Ryanti wasn’t really sure about that philosophical comparison but… it was he believed, anyway. It was obvious that despite the ugly parts of this job, Ryanti had no shortage of passion for it. He had shown it time and time again. It was then that his light shined upon what appeared to be a much larger door than any of the others, with broken glass above it the only remnants of what used to be a lit up elevator sign.

There was a window adjacent to it that had been laminated with glass, but the glass had long since shattered. There were plenty of sharp edges on the broken glass, and so Ryanti immediately figured to try the straightforward approach first. “That’s interesting. Looks like we’ve reached the end of the hallway. Shine a light in the window. Make sure there’s nothing there.”

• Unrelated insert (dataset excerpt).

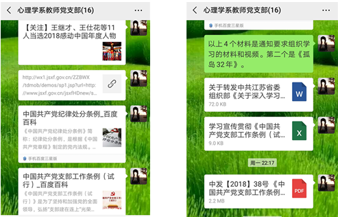 在召开组织生活会之前,支部书记丁芳就在党支部微信群中发了4个学习材料,包括《中国共产党纪律处分条例》《中国共产党支部工作条例(试行)》《王继才、王仕花等11人当选2018感动中国年度人物》和视频《孤岛32年》,供党员老师在进行学习。另外,根据学校党委《关于转发中共江苏省委组织部《关于深入学习宣传贯彻<中国共产党支部工作条例(试行)>的通知》,支部党员深入学习宣传贯彻条例。

The ship was remarkably quiet now. There were no sounds, no feeling of a presence, nothing. It was almost as if the ship was letting them talk, as if the ship was trying to say that there was nothing left for them to discover in this first hallway here. But was the ship lying?

“So… you said you had a bitch of a Captain, huh?” Ryanti stated. His voice had gone back to normal. It was an attempt to change the subject, yes. It was perhaps a part of him that wanted something more lighthearted, something that would illicit a smile or maybe even laughter in this hell of a place.

He placed the palm of his hand upon the door, glancing up at the broken light, closing his eyes and trying to feel with his fingertips if there was any kind of manual action required to let the door loose somehow so that they could proceed, trying not to think about the alternative of traveling in the less desirable route of the open window next to them.

“Do you have any funny stories from that time?”
Sounsyy moved when Ryanti did and set about searching the remaining doors on her side of the corridor. Several were derelict or impassible from debris, but she was able to duck beneath a fallen beam into a third door and found herself in a room much like the first they had explored. She flashed the torchlight across the floors, walls, and ceiling but found it devoid of all life. Her breath seemed to be the first disturbance the stale air had felt in epochs. She noted there was no window to the outside on the far wall like there had been in the first room. So this way was towards the inner ship?

She ducked back out in time to catch Ryanti's explanation on the division of bad and evil. Sounsyy's ears flicked back for a split second and turned her back, investigating the next door in sequence. “But there’s a difference between bad people and evil people,” Ryanti had said. Sounsyy's brow furrowed as she trailed her light down the crease in the once-sliding door. It did not open for her.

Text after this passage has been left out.